§ Work order
Transcribe, exactly and in full, every record shown below, while omitting its images.

####

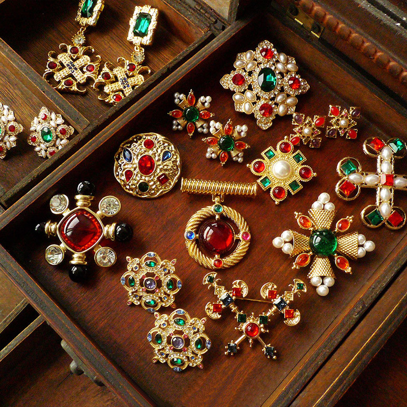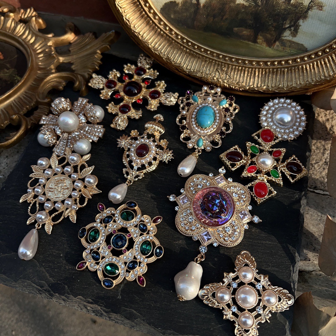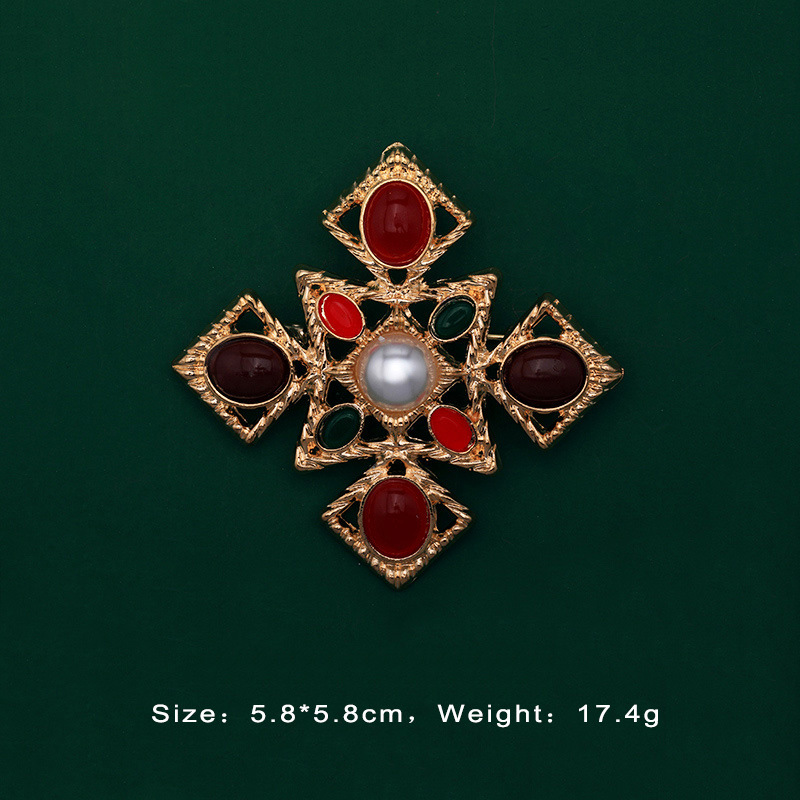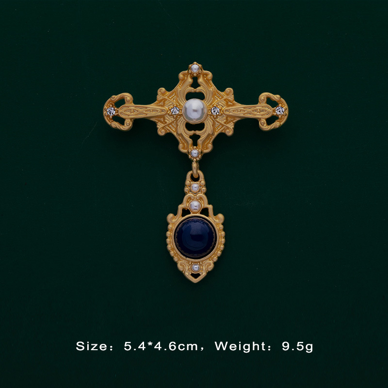 复古十字珍珠水晶巴洛克风格胸针徽章复古宫廷别针配饰现货批发
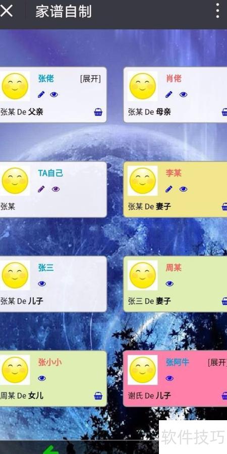 5、 若张三有多段婚姻且每段均有子女,可在家谱中为其添加多位配偶。录入子女时选择对应生母,系统将按生母颜色标记子女,确保血缘关系清晰可辨。通过色彩区分,家庭成员的归属一目了然,结构简洁明了,有效避免混淆,便于理解和查阅三代家庭脉络。
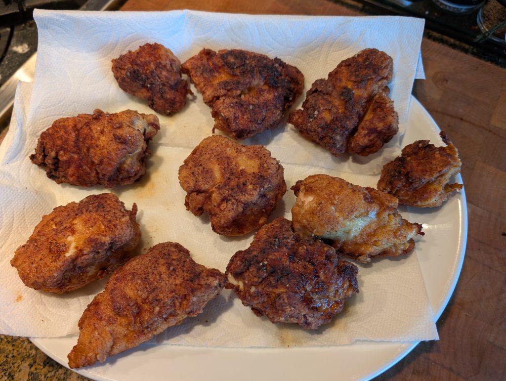 So, this recipe, after numerous “this is OK, but not good enough” tries, is now my “I can do it, I can now make quick and easy fried chicken.” (Maybe even better than my grandmas!)
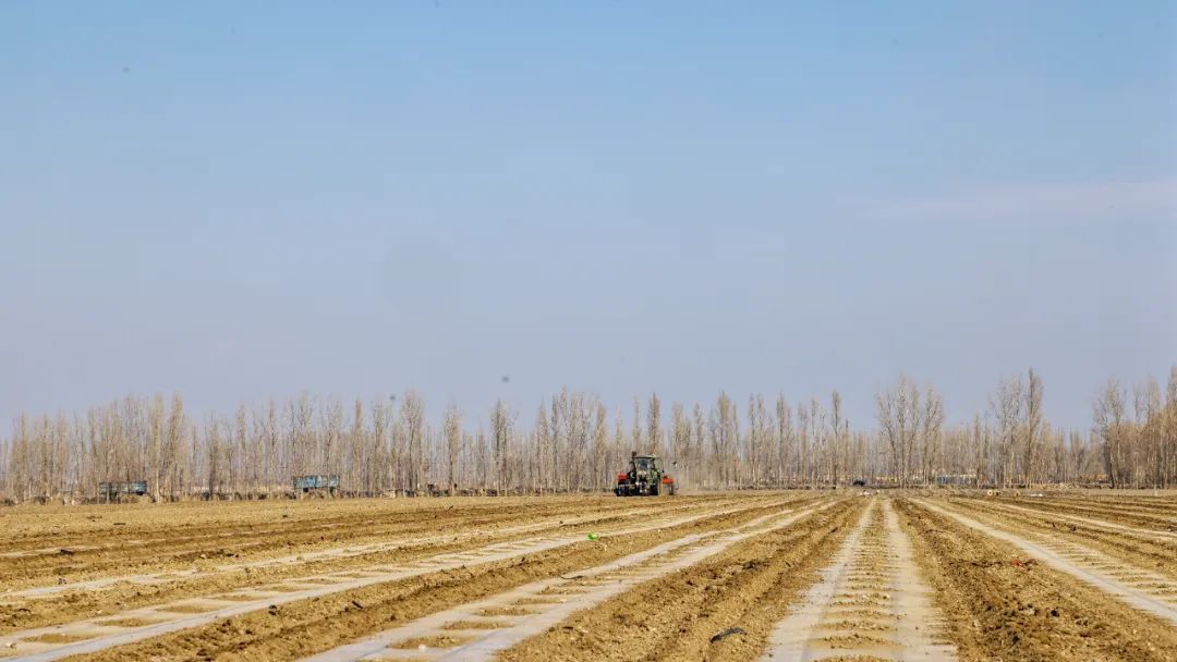 3月25日,在精河县阿合其农场农一队瓜农李贵中的地里,伴随着大马力的轰响声,一台装载着北斗导航的西瓜播种机正在田间来回穿梭。
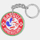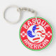 Cruz vasca, con bandera de los Estados Unidos, motivos de lauburu y el texto vasco americano. En rojo y verde.
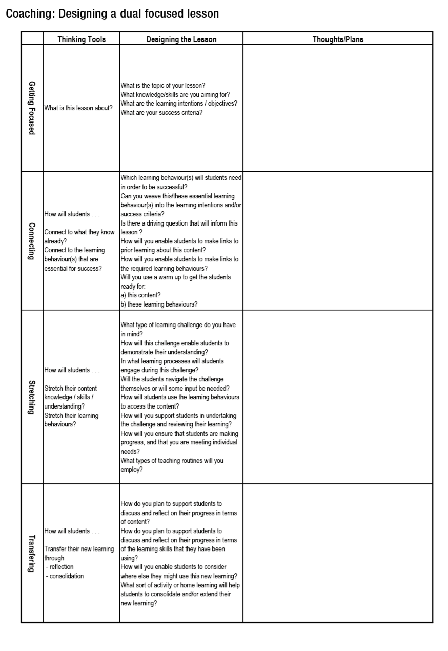After a significant input on a method of designing dual focused lessons (content and process) staff are invited to form a coaching pair and, with the help of prompts, coach each other to apply the 9 Thinks approach to a lesson they have taught recently or are about to teach. Pairs made up of teachers from different phases might be most interesting.

####

§ Answer section
 复古十字珍珠水晶巴洛克风格胸针徽章复古宫廷别针配饰现货批发
 5、 若张三有多段婚姻且每段均有子女,可在家谱中为其添加多位配偶。录入子女时选择对应生母,系统将按生母颜色标记子女,确保血缘关系清晰可辨。通过色彩区分,家庭成员的归属一目了然,结构简洁明了,有效避免混淆,便于理解和查阅三代家庭脉络。
 So, this recipe, after numerous “this is OK, but not good enough” tries, is now my “I can do it, I can now make quick and easy fried chicken.” (Maybe even better than my grandmas!)
 3月25日,在精河县阿合其农场农一队瓜农李贵中的地里,伴随着大马力的轰响声,一台装载着北斗导航的西瓜播种机正在田间来回穿梭。
 Cruz vasca, con bandera de los Estados Unidos, motivos de lauburu y el texto vasco americano. En rojo y verde.
After a significant input on a method of designing dual focused lessons (content and process) staff are invited to form a coaching pair and, with the help of prompts, coach each other to apply the 9 Thinks approach to a lesson they have taught recently or are about to teach. Pairs made up of teachers from different phases might be most interesting.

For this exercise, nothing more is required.